The Universal Library: Understanding the Akashic Records (Part 3)
On the field that remembers everything — and how to find your way back to it
TLDR: What if there is a single source of knowledge that every human being — scientist, mystic, artist, healer — has been tapping into throughout history without knowing it? Ancient traditions called it the Akashic Records. Modern physics is beginning to find the mathematics for it. This article explores what that source is, and why the connection may already be active in us.
In Nepali, the word Akash means sky.
Not space, not atmosphere — sky. The place where the heavens are. The place where, if you grew up in a Hindu household in Kathmandu like I did, god lives and quietly manages everything happening down below. As a child this seemed perfectly reasonable to me. God is up there, the sky knows everything, and my job was mostly just to not mess things up too badly.
I accepted this the way I accepted most things — outwardly without question, while internally filing it under “things I will need to figure out later.”
Then, years later, working in technology in New York, I encountered cloud computing for the first time. A vast, invisible system storing information, accessible from anywhere, running quietly in the background directing operations without ever being seen. And something in me went — oh.
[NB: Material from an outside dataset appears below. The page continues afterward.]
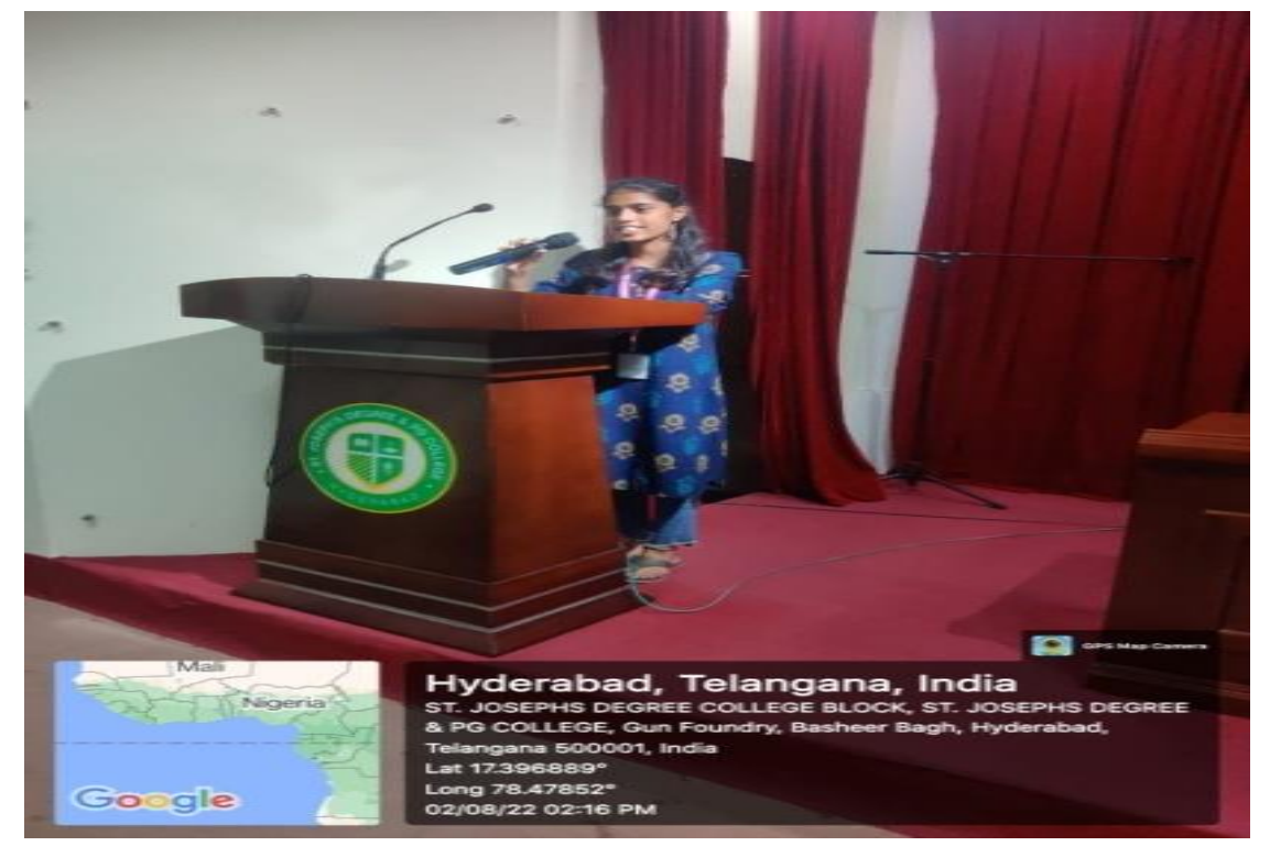
Evita participating in Round 1

I know this.
Not because the cloud is literally in the sky. But because the structure was immediately, deeply familiar. A universal system storing all information, accessible to anyone with the right connection, directing the broad patterns of things from somewhere beyond the physical world.
The name was never a metaphor. It was always a description. And it took a data center in New Jersey to help me finally see it.
What the Akashic Records Actually Are
The Akashic Records, in ancient Indian philosophy, are a universal field containing the complete record of everything that has ever happened, is happening, and will happen. Every thought, every intention, every event — encoded in the fabric of existence itself. Not a place you go to, but a field you are already part of.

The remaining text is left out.